Cal.Stats.1923, p. 288.
[
Footnote 5]
"I. Introduction."
"II. Exclusion of Antioch Bridge."
"1. The Facts."
"2. Inevitable Effect of Decision on Tolls of Carquinez Bridge,
Antioch Bridge and Martinez-Benicio Ferry."
"3. The Decision is Contrary to the Commission's Own Traditions
and Policy."
"4. The Commission's Action Deprives American Toll Bridge
Company of Its Property Without Due Process of Law in Violation of
Guarantees of the Federal and the State Constitutions."
"III. Failure to Give Fair Return on Fair Value of Carquinez
Bridge."
"1. Calculations of Commission in Computing Its Rate."
"2. Errors in Commission's Computations."
" (1) Rate Base."
" (2) Money Available for Return on Rate Base (under 50
toll)."
"3. Return Under Rate Fixed by Commission."
"4. In View of the Cost of Money to American Toll Bridge
Company, a Return of Only 6.6% Or 6.9% On the Fair Value of the
Carquinez Bridge Would be Confiscatory."
"5. Summary as to Fair Return, Carquinez Bridge."

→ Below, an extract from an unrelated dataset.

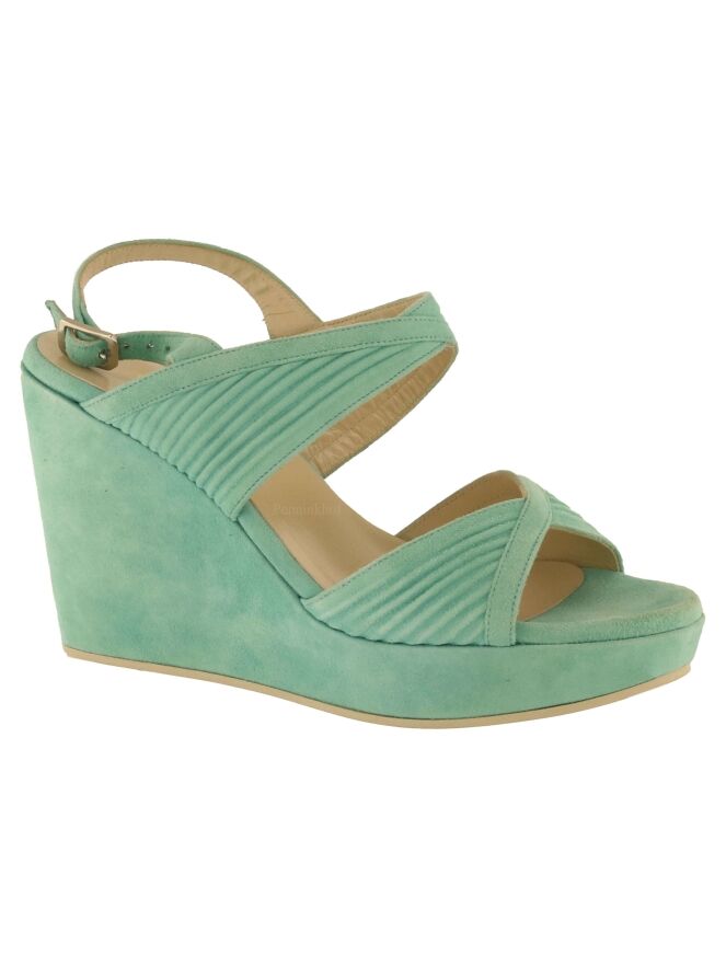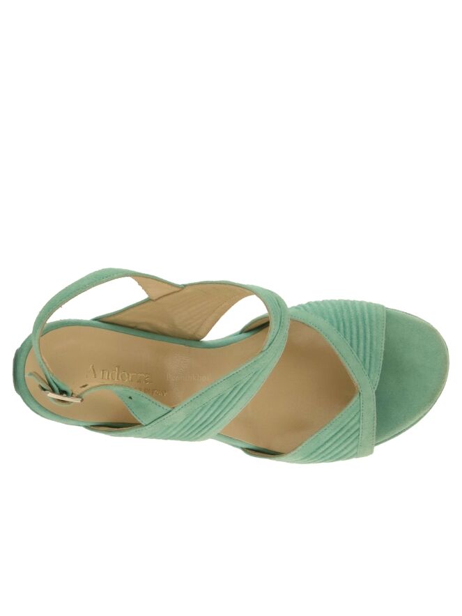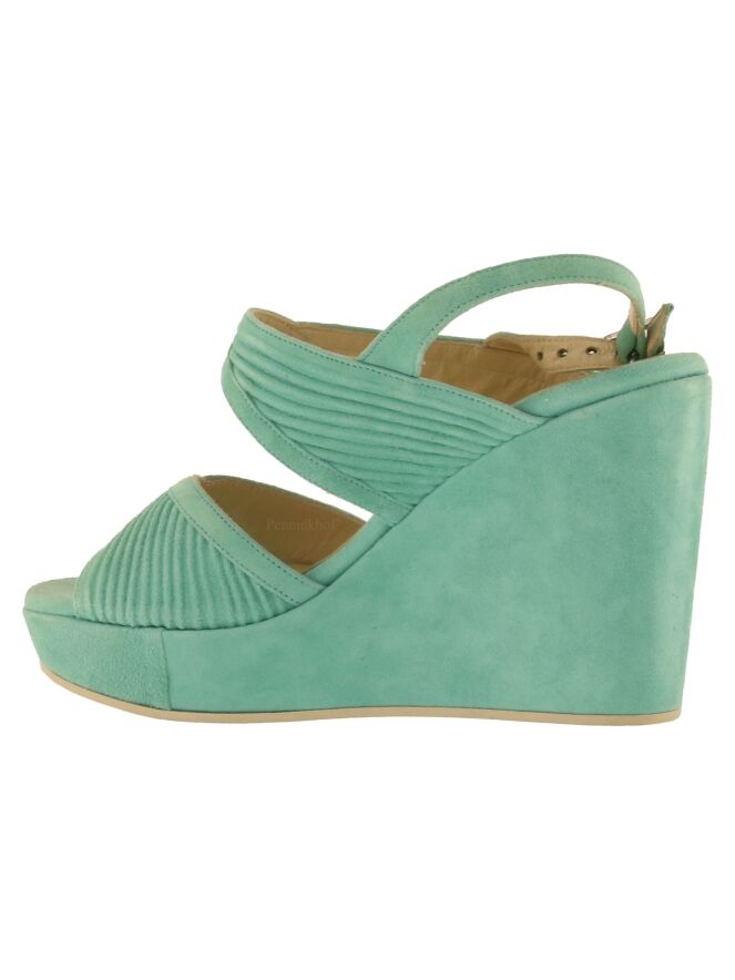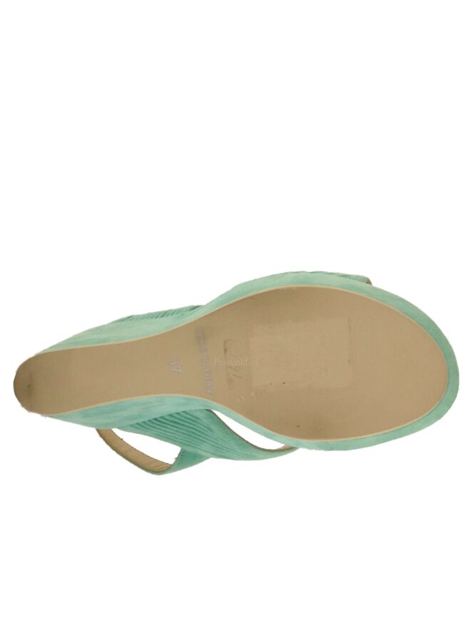 Een sandaal van het merk Even & Odd in de kleur turquoise met een sleehak. De sandaal heeft een open hiel en een open neusje. Het suède is fijn geplooid. De binnenkant van de pump is met leder gevoerd.
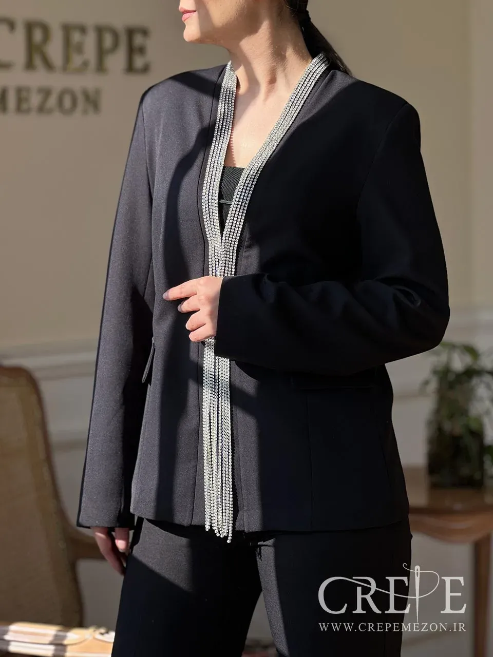 استفاده از آستر مکرون در داخل کت، علاوه بر افزایش راحتی، به حفظ فرم و استحکام کت کمک میکند. این آستر همچنین میتواند به عایق بودن کت در برابر سرما کمک کند. نوارهای نگین دوزی که از قسمت یقه شروع شده و تا پایان کت ادامه دارد، جلوهای لوکس و مجلسی به این ست میبخشد. این جزئیات دقت و ظرافت در طراحی را نشان میدهد و میتواند توجهها را به خود جلب کند. این کت شلوار مجلسی به راحتی با انواع اکسسوریها و کفشها ترکیب میشود. میتوان آن را با یک کیف دستی شیک و کفشهای پاشنه بلند ست کرد تا ظاهری کامل و جذاب ایجاد کند. این ست زنانه مناسب برای مجالس رسمی، مهمانیها و مراسمهای ویژه است و به راحتی میتواند به عنوان یک انتخاب منحصر به فرد در کمد لباس هر خانمی قرار گیرد.

"IV. Failure to Give Fair Return on Fair Value of Carquinez and
Antioch Bridges."
"1. Rate Base."
"2. Return Under Rate Fixed by Commission."
"3. Effect of Commission's Decision Would be to Confiscate
Property of American Toll Bridge Company in Both Carquinez and
Antioch Bridges."
"V. Under Commission's Tolls American Toll Bridge Company Would
be Unable to Meet Its Requirements to Its Bondholders and
Stockholders."
"VI. Impairment of Contract Obligations."
"VII. False Analogy With Publicly Owned and Operated San
Francisco Bay Bridges."
"VIII. Violation of Constitutional and Statutory Rights."